Collected data entries
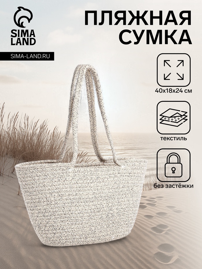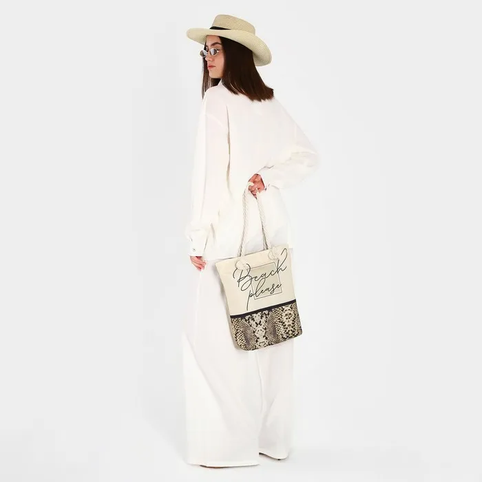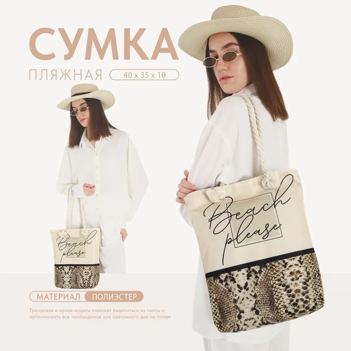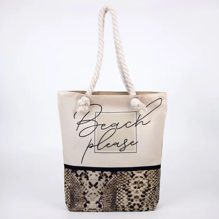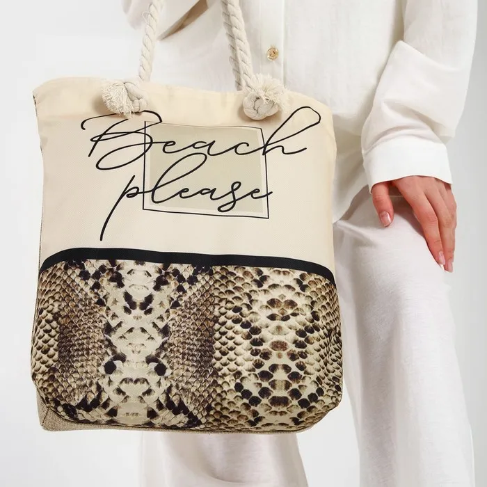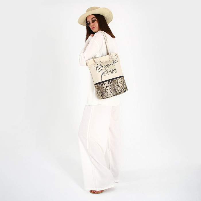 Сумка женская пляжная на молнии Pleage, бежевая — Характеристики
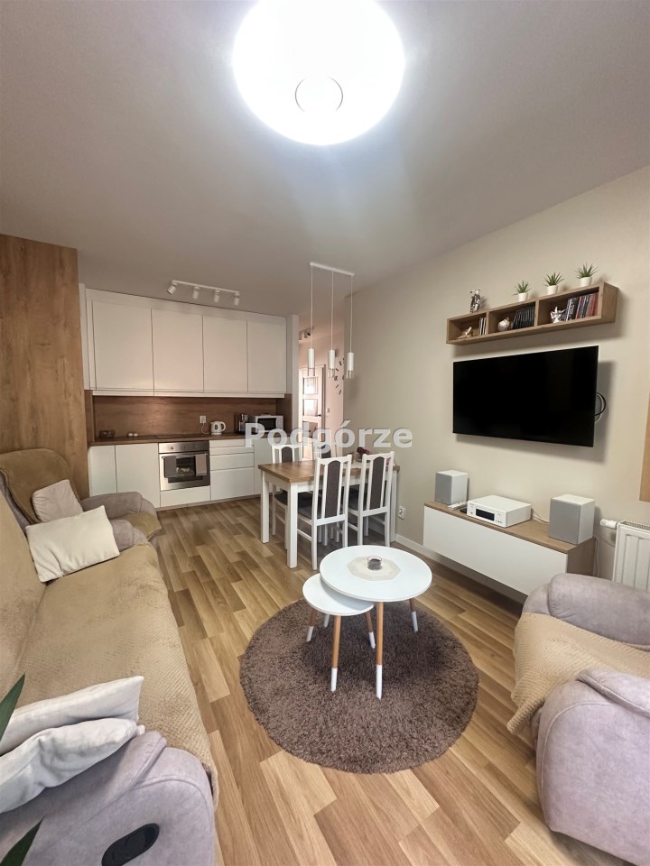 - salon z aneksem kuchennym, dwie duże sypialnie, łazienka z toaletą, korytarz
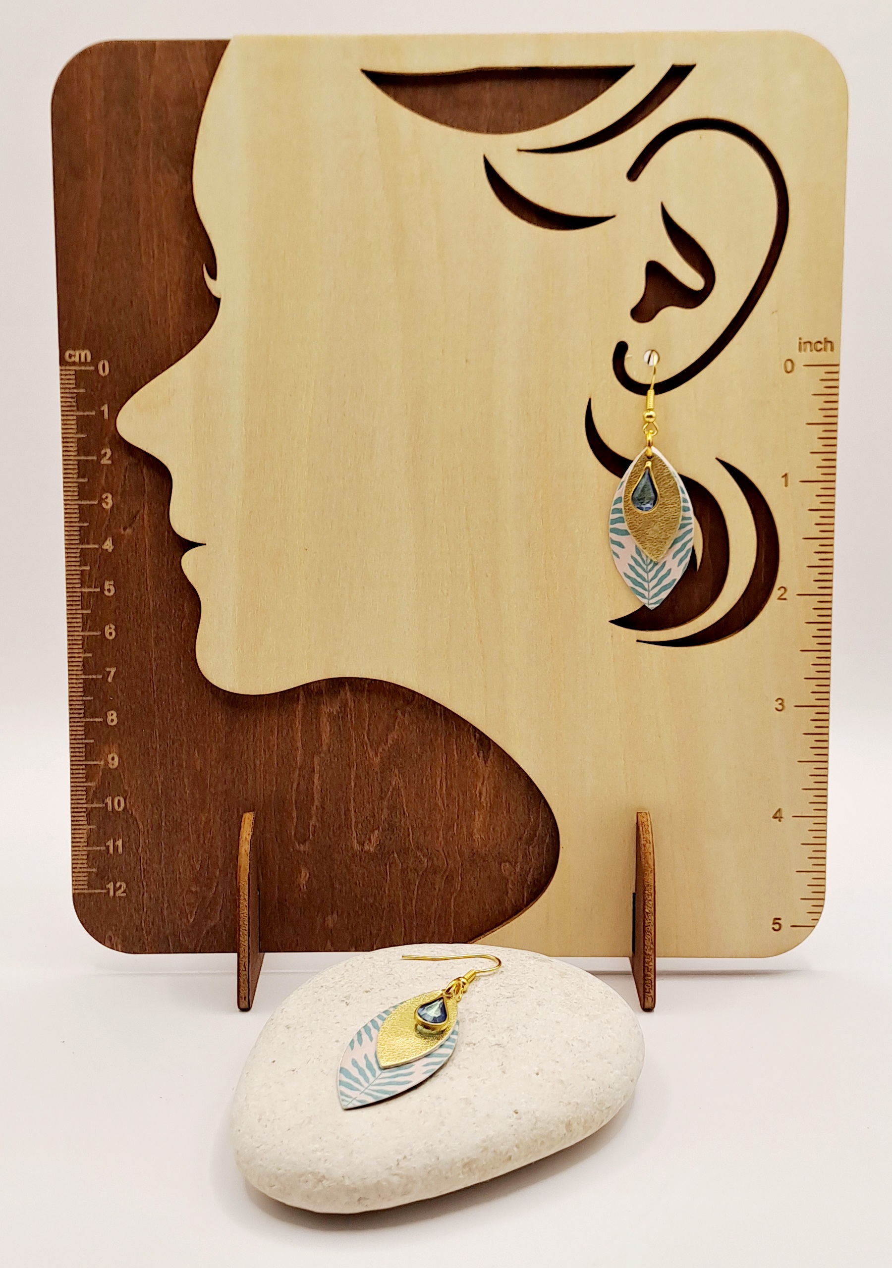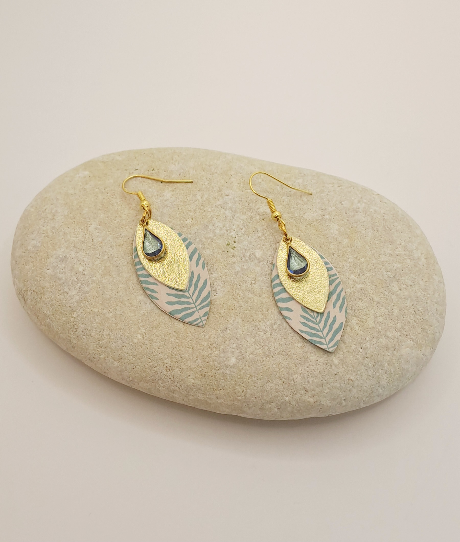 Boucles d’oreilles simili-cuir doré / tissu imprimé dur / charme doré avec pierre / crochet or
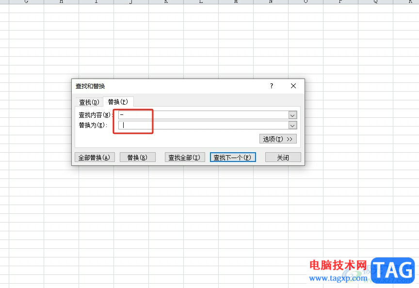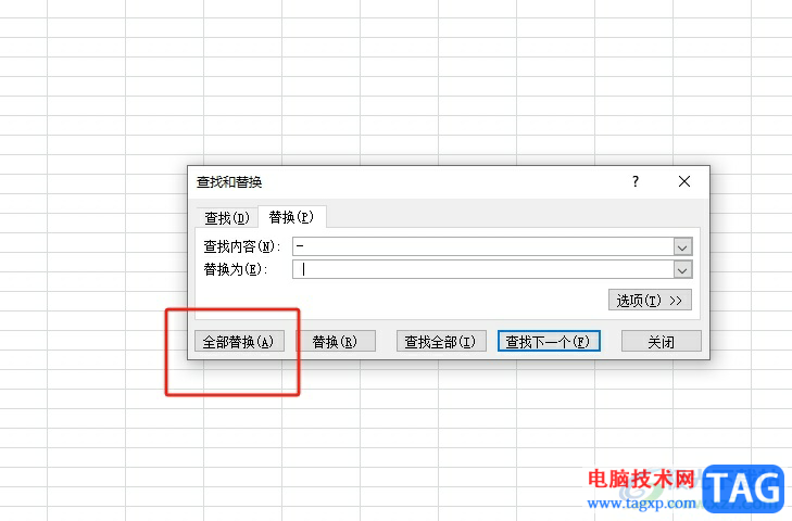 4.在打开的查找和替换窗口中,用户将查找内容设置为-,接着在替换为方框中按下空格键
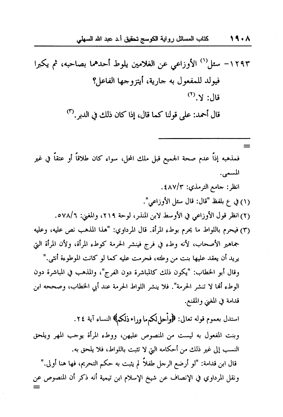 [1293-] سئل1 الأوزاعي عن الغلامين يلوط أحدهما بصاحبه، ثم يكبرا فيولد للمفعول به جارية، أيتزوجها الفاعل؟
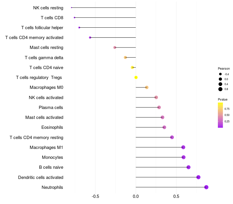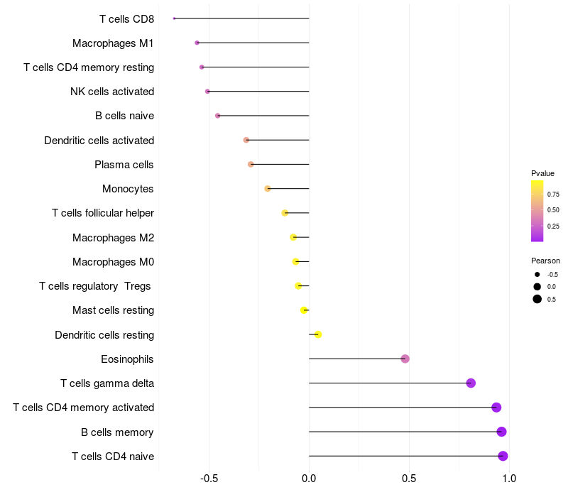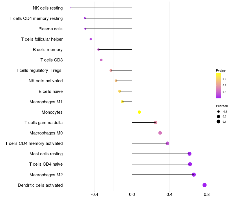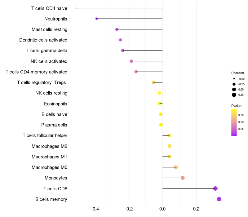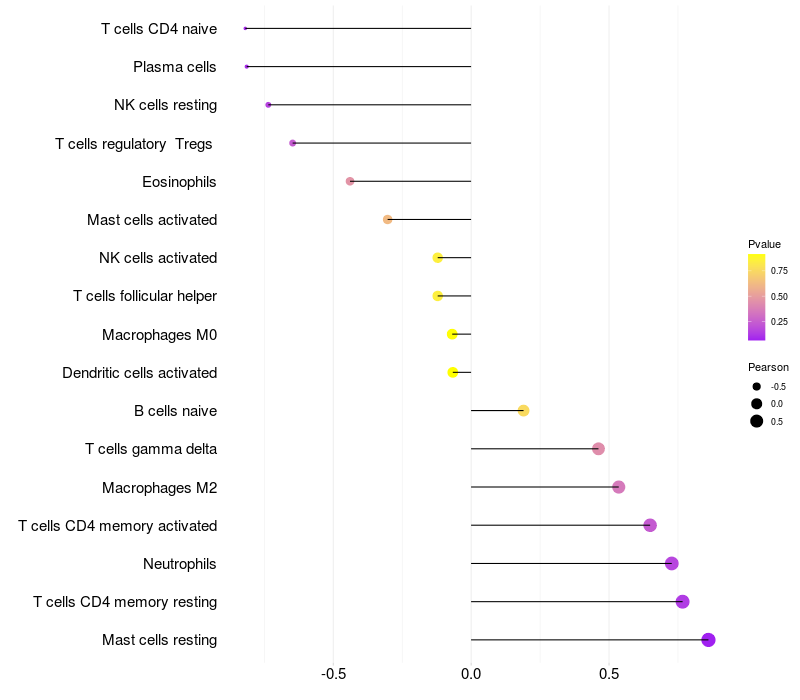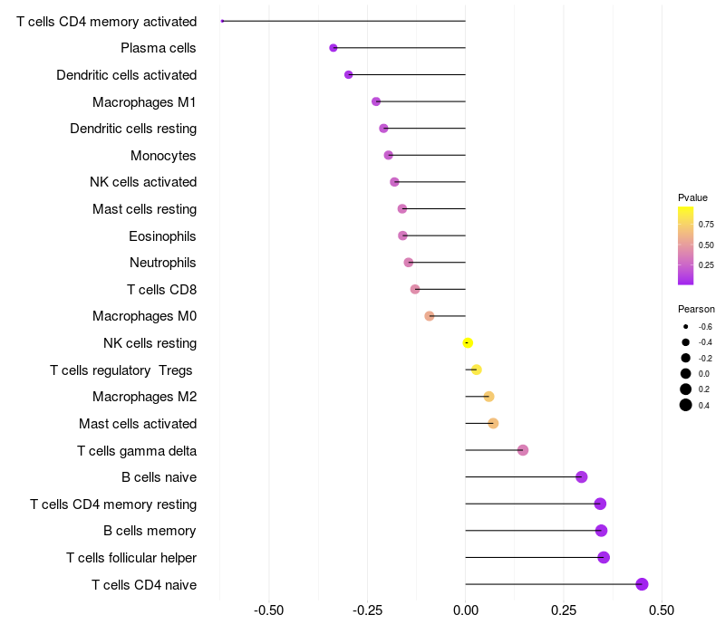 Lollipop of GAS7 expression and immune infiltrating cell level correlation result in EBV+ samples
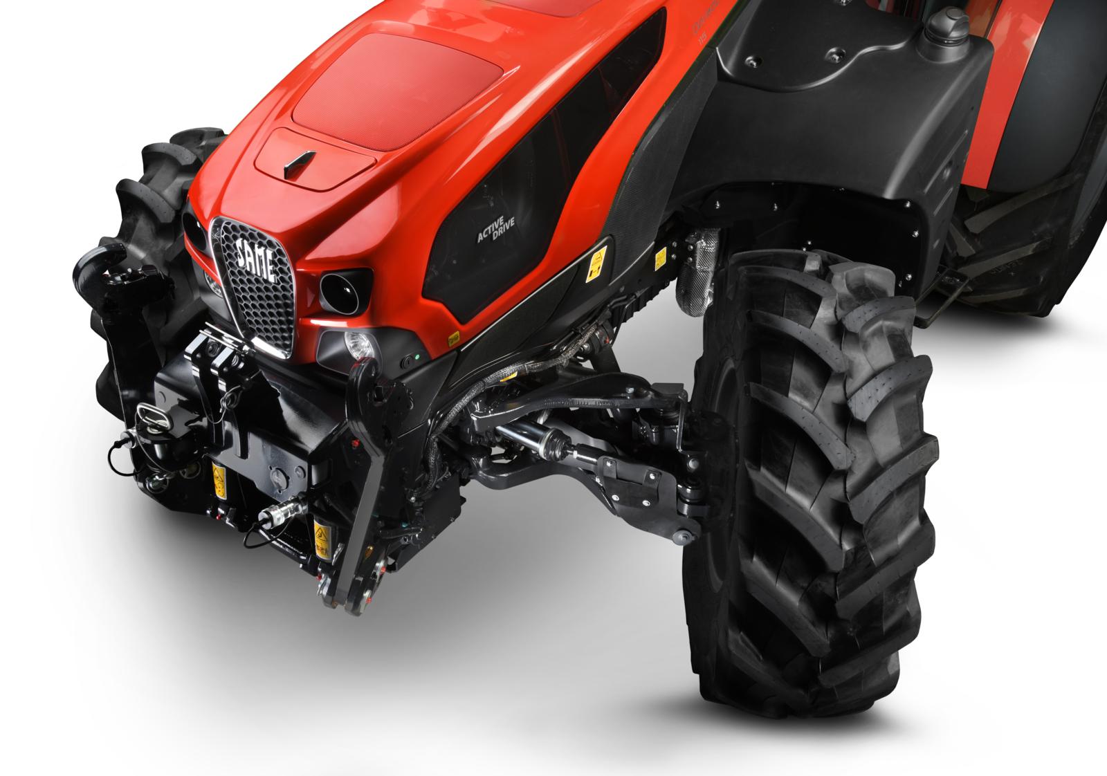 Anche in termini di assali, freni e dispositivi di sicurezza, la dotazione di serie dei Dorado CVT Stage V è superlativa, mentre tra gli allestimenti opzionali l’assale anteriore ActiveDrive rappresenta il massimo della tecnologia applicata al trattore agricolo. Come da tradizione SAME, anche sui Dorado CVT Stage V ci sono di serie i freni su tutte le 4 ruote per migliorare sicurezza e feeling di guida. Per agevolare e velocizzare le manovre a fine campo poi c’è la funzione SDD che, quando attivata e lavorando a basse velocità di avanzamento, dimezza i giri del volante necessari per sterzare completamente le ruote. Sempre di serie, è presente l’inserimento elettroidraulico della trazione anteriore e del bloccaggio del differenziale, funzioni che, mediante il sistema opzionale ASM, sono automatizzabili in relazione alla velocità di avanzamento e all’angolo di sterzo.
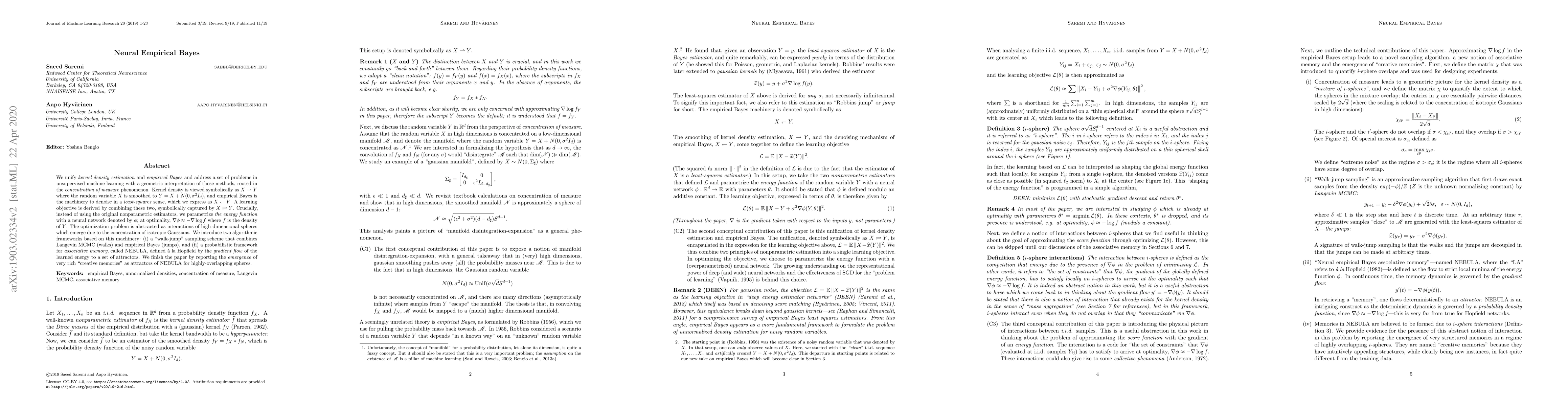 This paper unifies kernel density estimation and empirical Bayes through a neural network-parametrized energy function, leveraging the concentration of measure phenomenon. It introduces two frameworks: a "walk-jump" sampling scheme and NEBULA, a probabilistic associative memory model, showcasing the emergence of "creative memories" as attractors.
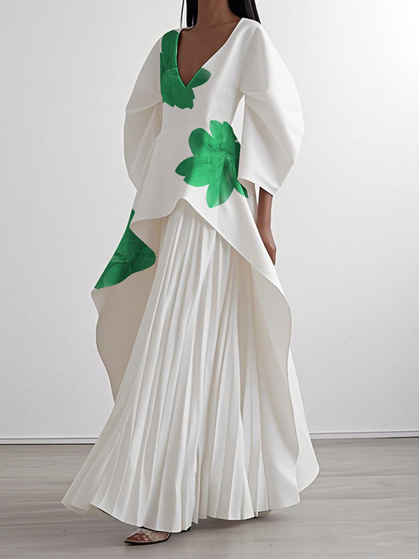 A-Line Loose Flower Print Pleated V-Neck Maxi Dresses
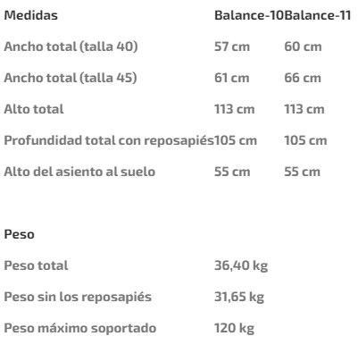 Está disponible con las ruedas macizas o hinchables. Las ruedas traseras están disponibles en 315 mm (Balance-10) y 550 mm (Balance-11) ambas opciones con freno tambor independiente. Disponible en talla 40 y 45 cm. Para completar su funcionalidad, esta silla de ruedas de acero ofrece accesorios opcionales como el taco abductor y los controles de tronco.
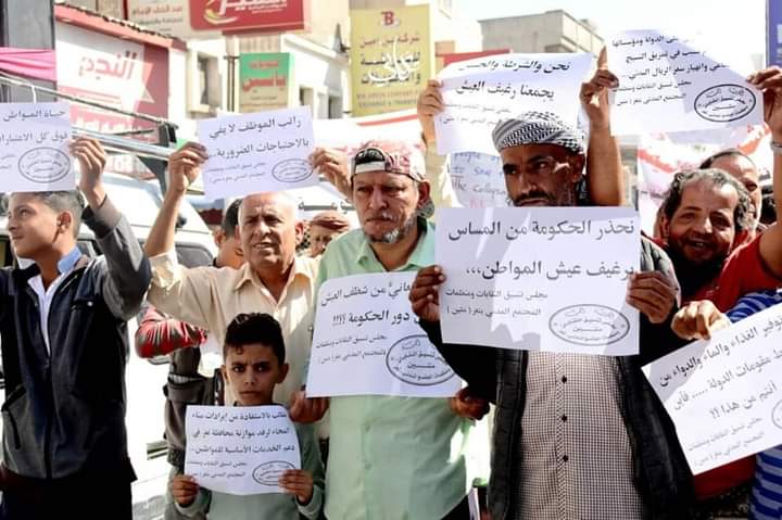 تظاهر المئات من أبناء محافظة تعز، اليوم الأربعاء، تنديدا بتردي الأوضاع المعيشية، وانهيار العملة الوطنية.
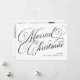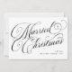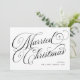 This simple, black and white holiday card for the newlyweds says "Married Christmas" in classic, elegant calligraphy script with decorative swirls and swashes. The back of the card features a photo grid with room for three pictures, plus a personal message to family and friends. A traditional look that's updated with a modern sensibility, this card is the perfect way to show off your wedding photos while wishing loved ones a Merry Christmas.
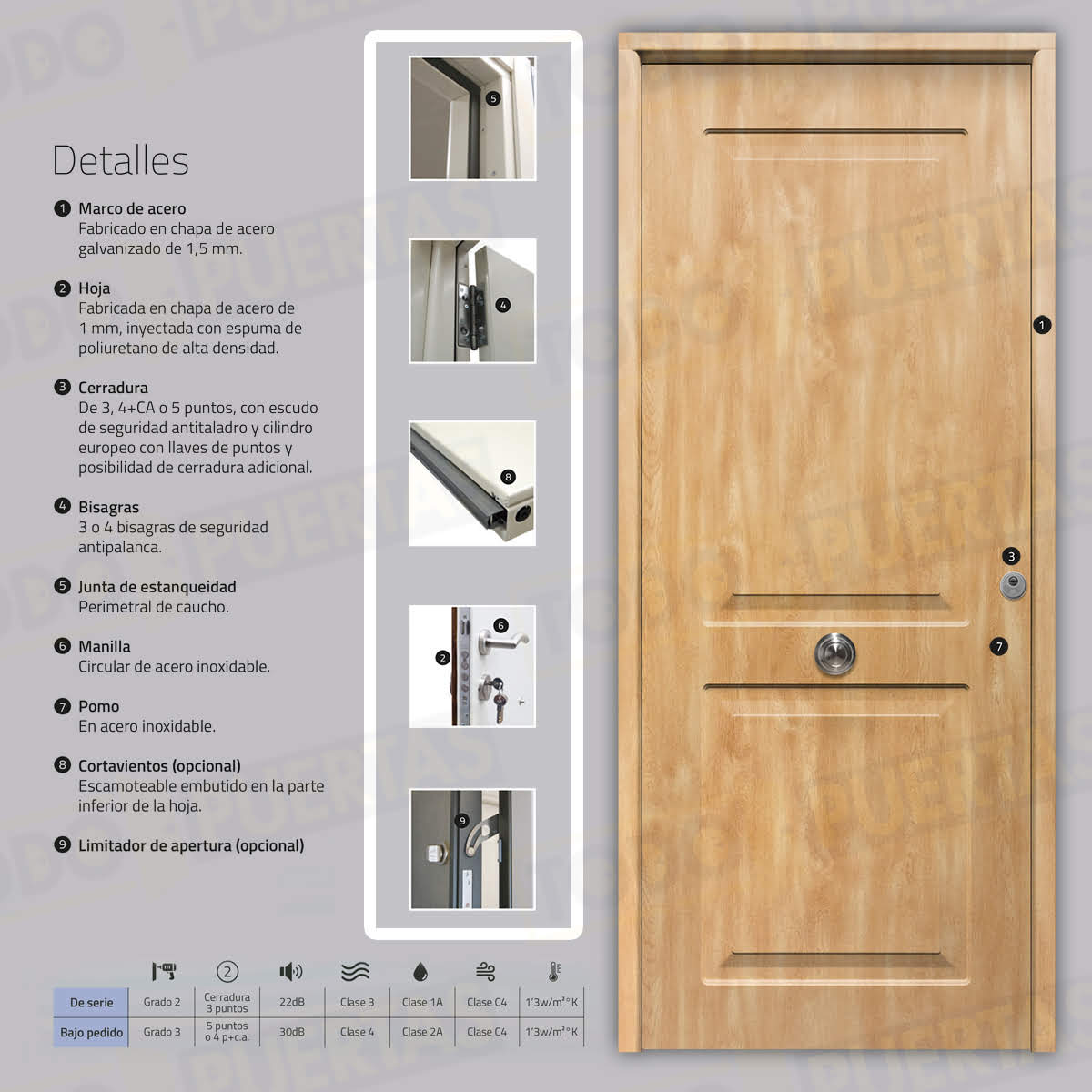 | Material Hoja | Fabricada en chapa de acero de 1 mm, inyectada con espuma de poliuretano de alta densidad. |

→ **What to work on**
Say again, exactly, only those lines of the records that run from the start through the line with "Lollipop of GAS7". Pictures are to be skipped.

→ **Result**
 Сумка женская пляжная на молнии Pleage, бежевая — Характеристики
 - salon z aneksem kuchennym, dwie duże sypialnie, łazienka z toaletą, korytarz
 Boucles d’oreilles simili-cuir doré / tissu imprimé dur / charme doré avec pierre / crochet or
 4.在打开的查找和替换窗口中,用户将查找内容设置为-,接着在替换为方框中按下空格键
 [1293-] سئل1 الأوزاعي عن الغلامين يلوط أحدهما بصاحبه، ثم يكبرا فيولد للمفعول به جارية، أيتزوجها الفاعل؟
 Lollipop of GAS7 expression and immune infiltrating cell level correlation result in EBV+ samples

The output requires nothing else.